Lula também pediu mudanças na governança global, incluindo uma reforma no Conselho de Segurança da ONU, para torná-lo mais representativo, na visão do presidente eleito.

Responsabilidade fiscal

Questionado por jornalistas sobre as contas públicas do novo governo, após oscilações no mercado financeiro por conta de medidas anunciadas pela equipe de transição – como a proposta para excluir o Bolsa Família da regra do teto de gastos – Lula enumerou feitos de seus dois mandatos anteriores (2003-2010) e disse que tem compromisso com os brasileiros, especialmente os mais pobres.

“Ao terminar o meu governo, a inflação estava 4,5%, a nossa dívida tinha caído de 60,5% para 37,7%, o Brasil tinha pago sua dívida com o FMI [o Fundo Monetário Internacional] e emprestado US$ 15 bilhões para o FMI. E o Brasil tinha feito uma reserva de US$ 370 bilhões, que é o que sustenta o Brasil até hoje.
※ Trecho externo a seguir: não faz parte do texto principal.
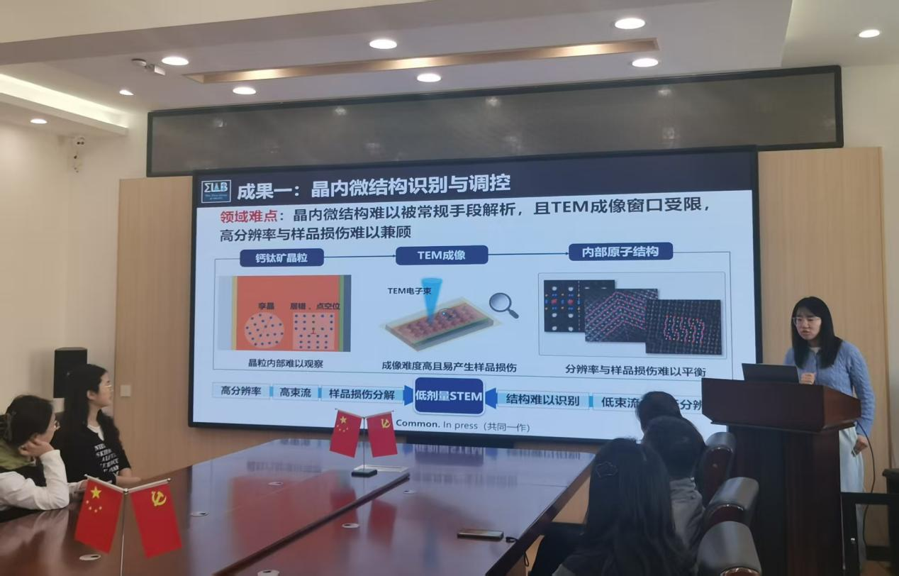 郝老师围绕钙钛矿光伏器件大面积制备兼顾“高效率”、“高稳定性”、“高能性”的难题,从“晶内微结构的识别与调控”、“晶界微结构的解析与优化”和“器件界面微结构优化”三方面开展逐级优化与调控,结合数据与实例,生动地展示了在钙钛矿光伏器件材料研究过程中的主要学习成果,并详细介绍了在跨学科研究过程中的求学心得。在交流中,郝老师与师生就跨领域学习、技术挑战、高水平论文撰写与投稿进行了深入的讨论与交流。

Ninguém tem autoridade pra falar em política fiscal comigo, porque durante todo o meu período de governo, eu fui único país do G20 que fiz superávit primário”, sentenciou. 

“Vou cuidar desse povo como ninguém jamais cuidou, vou voltar a fazer ele sorrir, aumentar salário mínimo todo ano e gerar emprego nesse país. Vamos voltar a ser responsáveis do ponto de vista fiscal sem precisar atender tudo o que o sistema financeiro quer. Eu fui eleito para cuidar de 215 milhões de brasileiros, sobretudo das pessoas mais necessitadas”, acrescentou.

Após o giro internacional, o presidente eleito deve retomar a agenda da transição de governo na semana que vem, no Brasil, quando começa a analisar nomes para compor sua equipe ministerial.